1.  Made sure we are all using the same version.
2.  Made sure all firewalls are disabled.
3.  Uninstalled all firewalls.
4.  Tried different network adapters.


----------



## L|NK|N (Apr 15, 2007)

==================================================================
NAT/Firewall
==================================================================

If you are playing Command & Conquer 3 Tiberium Wars behind a
USRobotics router, you will need to upgrade its firmware to the
latest version, v2.7 or later. See the USRobotics support Web 
site for details on how to do so.

If you are playing the game behind a D-Link router, you must 
check the "Send Delay" box in the Network menu for Command & 
Conquer 3 Tiberium Wars. To do this, in the Main menu select 
"Options" and click the "Settings" button, click the "Network" 
tab, toggle on "Send Delay", and click on the "Done" button. 
Additionally, if you are playing behind a D-Link DI-704, you will 
need to upgrade its firmware to version 2.75 build 3 or later. 
See the D-Link support Web site for details on how to do so.

It should also be noted that Belkin and USRobotics routers have
irresolvable issues specifically when attempting to connect to
each other via the Automatch feature. Furthermore, Belkin and
USRobotics routers will have difficulty connecting to D-Link
DI-604 routers via Automatch.

If you are playing Command & Conquer 3 Tiberium Wars behind a
software firewall, you will need to add the game's executable 
to the "Exceptions or Allowed Programs" list provided by your
software firewall. You will need to provide your software 
firewall with the actual path to the game's executable. This 
file is typically located in "C:\Program Files\Electronic 
Arts\Command & Conquer 3 Tiberium Wars\CNC3.exe". You will 
also need to add the "game.dat" file, which is located in 
the same directory listed above, to this exceptions list*.

There should be no need for you to use Port Forwarding/Port
Triggering to play the game behind your firewall. Command &
Conquer 3 Tiberium Wars should work successfully behind most
personal firewalls.

If you have changed your router settings since the last time you
played Command & Conquer 3 Tiberium Wars, you will need to click
the "Refresh NAT" button in the game's Network menu.
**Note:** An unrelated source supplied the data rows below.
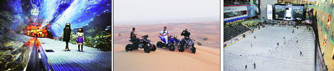 त्यामध्ये सर्वात महत्त्वाचे म्हणजे दुबई मॉल हा १५ वर्षांपूर्वी उभा राहिलेला मॉल. हा जगातील सर्वात मोठा मॉल आहे. हा केवळ एक मॉलच नाही तर मनोरंजनासाठी तेथे जे काही विकसित केलं गेलं ते सर्वच भव्यदिव्य आहे. या मॉलमध्येच एक प्रचंड मोठी आइस रिंग आहे. कृत्रिमरित्या तयार केलेल्या बर्फाची प्रचंड मोठी अशी ही मानवनिर्मित रचना. येथे आइस हॉकी, स्केटींग सारं काही करता येते. तर मॉल ऑफ इमिरेटसमध्ये तर २८० फूट उंच व ४०० मीटर लांब अशा कृत्रिम बर्फरचनेवर चक्क आईस स्कीईंगदेखील करता येते. दुबई मॉलमधील दुसरे आकर्षण म्हणजे मत्स्यालय. हेदेखील जगातील सर्वात मोठे. काचेच्या एकाच सलग तुकडय़ात याची रचना केलेली आहे. मधोमध बोगदा करून चारही बाजूला जगभरातील मासे सोडलेले आहेत. या रचनेच्या वर जाऊन एका बंदिस्त पण जाळीदार पोलादी पिंजऱ्यातून आपणाला थेट पाण्यात उतरण्याची सुविधादेखील येथे आहे.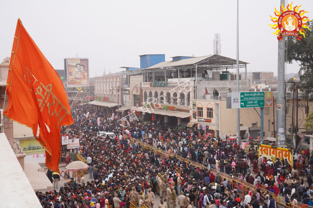 1 जनवरी 2025 को राम मंदिर में दर्शन हेतु पहुंचे श्रद्धालुओं की आपार अद्भुत भीड़ के साथ ही जय श्रीराम का उदघोष करते हुए सुरक्षा कर्मियों ने अपनी सुदृढ़ सुरक्षा व्यवस्था के साथ उनको दर्शन करवाये,मंदिर प्रांगण का दृश्य राममय तिल रखने की भी छगह नही।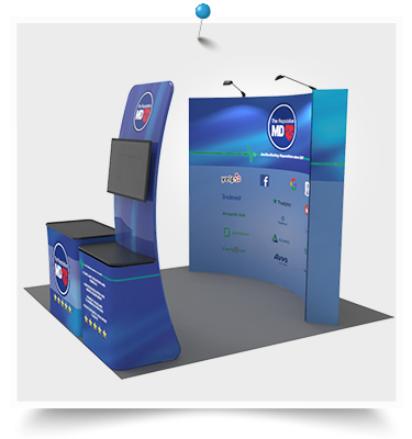 Our 10x10 booth combo packages include everything you need to create a successful trade show experience, including a Custom 10ft Curved & Strong Fabric Pop Up Trade Show Backwall Display, a Hard Case to Podium with Custom Printed Graphic, a Monitor Display Table Banner Stand, two Trade Show Display LED Lights & Clips.

To do this, 
in the Main menu select "Options" and click the "Settings" 
button, click the "Network" tab, then click the "Refresh NAT"
button.

Command & Conquer 3 Tiberium Wars uses UDP ports 8088-28088.

If you are experiencing general NAT connection difficulties, exit
the game, delete the options.ini file in your "Command & Conquer 
3 Tiberium Wars" folder, restart the game, and click the 
"Refresh NAT" button in the Network Settings menu.

Additionally, if you are using a combination of a cable modem and
a router, you should contact your ISP/cable provider in order to
disable your modem's built-in firewall.


----------



## DOM (Apr 15, 2007)

When I play online I use internet not lan.  Is that a choice on the Game ? To use internet.


----------



## anticlutch (Apr 15, 2007)

I don't know how much good this will do but have you tried setting a static IP and opening the correct ports (port forwarding)?


----------



## Thermopylae_480 (Apr 15, 2007)

Did any of you read the question yet, and the title...

I want to play on a LAN...

P.S.  No router is involved.


----------